Нас, первогодичных, было, помнится, человек сорок. Между прочими тут был и Лермонтов6, впоследствии знаменитый поэт, тогда смуглый, одутловатый юноша, с чертами лица как будто восточного происхождения, с черными выразительными глазами. Он казался мне апатичным, говорил мало и сидел всегда в ленивой позе, полулежа, опершись на локоть. Он не долго пробыл в университете. С первого курса он вышел и уехал в Петербург. Я не успел познакомиться с ним.

Тут была еще замечательная личность – Бодянский, впоследствии известный профессор славянских наречий.

Курс или класс наш был какою-то беспечною, веселою толпою юношей, собиравшихся как будто только повидаться и изучать не науки, а друг друга, потому что все, что проходили, мы более или менее знали.

Мы легко справились с переходным экзаменом и на второй год весело перешли на следующий курс, из маленькой аудитории в большую, окнами на обширный двор и улицу. Там мы застали человек пятьдесят опередивших нас целым годом товарищей, не переведенных, по случаю холеры, на третий курс. Нас всего было, помнится, человек восемьдесят.

Перед нами были Герцен и Белинский в университете, но когда мы перешли на второй курс – их уже не было. Там были, между прочим, Станкевич7, Константин Аксаков8, Сергей Строев9 (впоследствии писавший статьи под псевдонимом Скромненко) и перешедший с нами из первого курса Бодянский10.

С Белинским я познакомился уже в 1846 году, в Петербурге, а с Герценом виделся только один раз, мельком, когда он был короткое время в Петербурге, проездом за границу.
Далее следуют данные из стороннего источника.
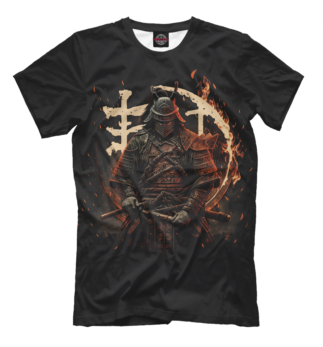 Детская футболка для мальчика с принтом «Самурай и иероглифы»
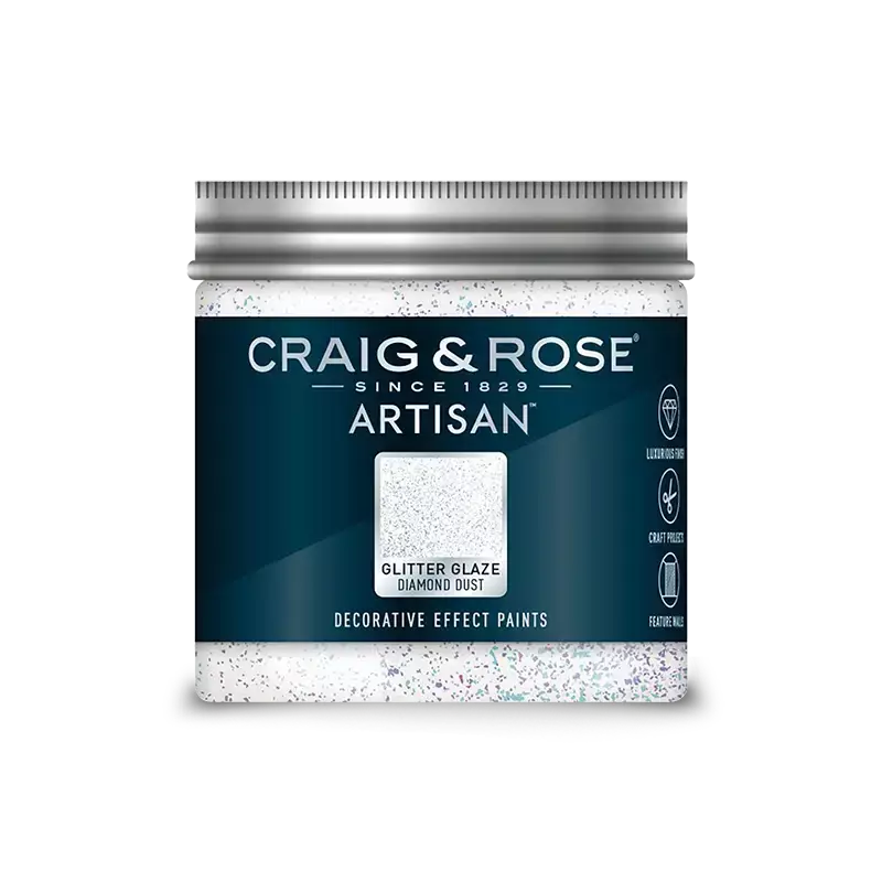 - Mask off the areas that you wish to remain uncovered by Craig and Rose Artisan Glitter Glaze to create interesting patterns and shapes on the walls
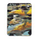 Ein künstlerisches Design der Felsen, Fußabdrücke, Sand- und Felsenpools am Strand bei Sonnenuntergang.
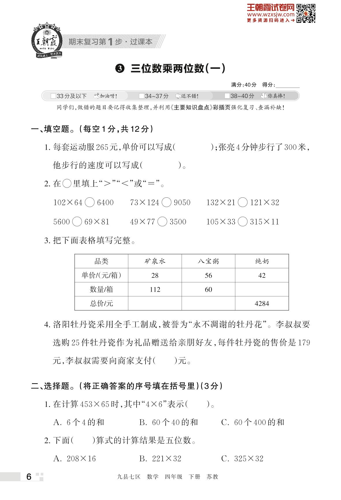 王朝霞期末过课本——3 三位数乘两位数(一)四年级下册数学(苏教版)_R230425140117931
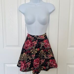 Forever 21 Black Floral Mini Skirt with Skater Silhouette
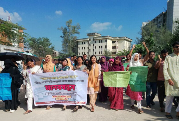 মঙ্গলবার (২১ অক্টোবর) তিস্তা নদীর ন্যায্য পানির হিস্যা ও তিস্তা মহাপরিকল্পনা দ্রুত বাস্তবায়নের দাবিতে জাতীয় কবি কাজী নজরুল ইসলাম বিশ্ববিদ্যালয়ে (জাককানইবি) বিক্ষোভ মিছিল ও মানববন্ধন করেছে রংপুর ডিভিশন স্টুডেন্টস অ্যাসোসিয়েশন। দুপুরে বিশ্ববিদ্যালয়ের জয়ধ্বনি মঞ্চ থেকে বিক্ষোভ মিছিলটি শুরু হয়ে দোলনচাঁপা ও শিউলিমালা হল এবং প্রশাসনিক ভবন প্রদক্ষিণ করে চির উন্নত মম শির প্রাঙ্গণে শেষ হয়। […]
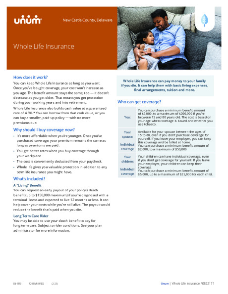 A “Living” Benefit you can request an early payout of your policy’s death benefit (up to $150,000 maximum) if you’re diagnosed with a terminal illness and expected to live 12 months or less. It can help cover your costs while you’re still alive. The payout would reduce the benefit that’s paid when you die. Long Term Care Rider You may be able to use your death benefit to pay for long term care. Subject to rider conditions. Contact UNUM on 855-938-1329 or www.unum.com for more information.

Этот год (с авг[уста] 1832 по авг[уст] 1833) был лучшим и самым счастливым нашим годом. Наша юная толпа составляла собою маленькую ученую республику, над которой простиралось вечно ясное небо, без туч, без гроз и без внутренних потрясений, без всяких историй, кроме всеобщей и российской, преподаваемых с кафедр. Если же и бывали какие-нибудь истории, в которых замешаны бывшие до нас студенты, то мы тогда ничего об этом не знали11. Мы вступили на серьезный путь науки, и не только серьезно, искренно, но даже с некоторым педантизмом относились к ней. Кроме нее, в стенах университета для нас ничего не было. Дома всякий жил по-своему, делал что хотел, развлекался как умел – всё вразброд, но в университет мы ходили только учиться, не внося с собою никаких других забот и дел.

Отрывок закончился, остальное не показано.